Today's Overview
- Pre-CV Feature Screening Creates Widespread Leakage in Cancer Drug Response Models Pre-CV feature screening inflates accuracy by 16.6% MSE on average across 265 cancer drugs.
Featured
01Pre-CV Feature Screening Creates Widespread Leakage in Cancer Drug Response Models
Accurate prediction of drug response in cancer cell lines is central to identifying genomic biomarkers that can guide patient stratification. Yet most published models rely on supervised feature selection applied to the entire dataset before cross-validation, a protocol that leaks label information and spuriously lowers prediction error.
Re-analyzing 265 drugs across 1,462 cell lines showed that leakage-free cross-validation increases mean squared error by 16.6% on average. The leaked and corrected pipelines share almost no selected features (mean Jaccard = 0.18), and 36% of drugs have zero overlap, even though the leaked version retains fivefold more genes. Both pipelines recover known drug targets at similar rates, indicating the extra features capture noise, not biology. A survey of 32 recent methods found leakage in 72%, collectively cited >3,000 times, with error reductions mirroring those reported over elastic-net baselines.
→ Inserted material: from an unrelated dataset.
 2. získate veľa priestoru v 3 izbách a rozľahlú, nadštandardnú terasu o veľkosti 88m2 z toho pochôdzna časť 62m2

All experiments remain in silico on public cell-line panels; no prospective wet-lab validation is reported. The audit focused only on one leakage mode—pre-CV feature screening—so other protocol flaws may remain. The authors supply code templates for leakage-free evaluation, but adoption will require re-running benchmarks across the field.
Also Worth Noting
Seven pKa prediction algorithms (three commercial, four open-source ML) were benchmarked on a curated 90,000-entry public data set from 31,000 molecules to quantify accuracy across charge states and polyprotic species. link (Chem)
Today's Observation
Cancer drug response prediction is a canonical benchmark for multi-omics machine learning, yet a widespread data-leakage pitfall undercuts its utility. A survey of 32 recent studies shows that 72 % perform feature selection before cross-validation, inflating mean-squared error by 16.6 % on average across 265 compounds in GDSC and CCLE. Leakage drives models to pick five times more genes than leakage-corrected pipelines, and the two gene sets overlap <20 %, indicating the inflated scores reflect sample-specific noise rather than generalizable signal. The gains reported over plain elastic-net baselines disappear once leakage is removed, implying that many “state-of-the-art” improvements are illusory.
Practically, any project that screens thousands of molecular features must nest selection inside each CV fold or use an external validation cohort. The identical issue applies to other omics-assisted tasks—e.g., predicting CRISPR essentiality or patient outcome—where pre-filtering is tempting. Until journals and competitions enforce stricter code inspection, practitioners should treat published MSE or Pearson r values as upper bounds and retrain models with scrupulous nested CV before deploying biomarkers or moving into expensive in-vitro confirmation.
The above is personal commentary for reference only. Refer to the original papers for authoritative content.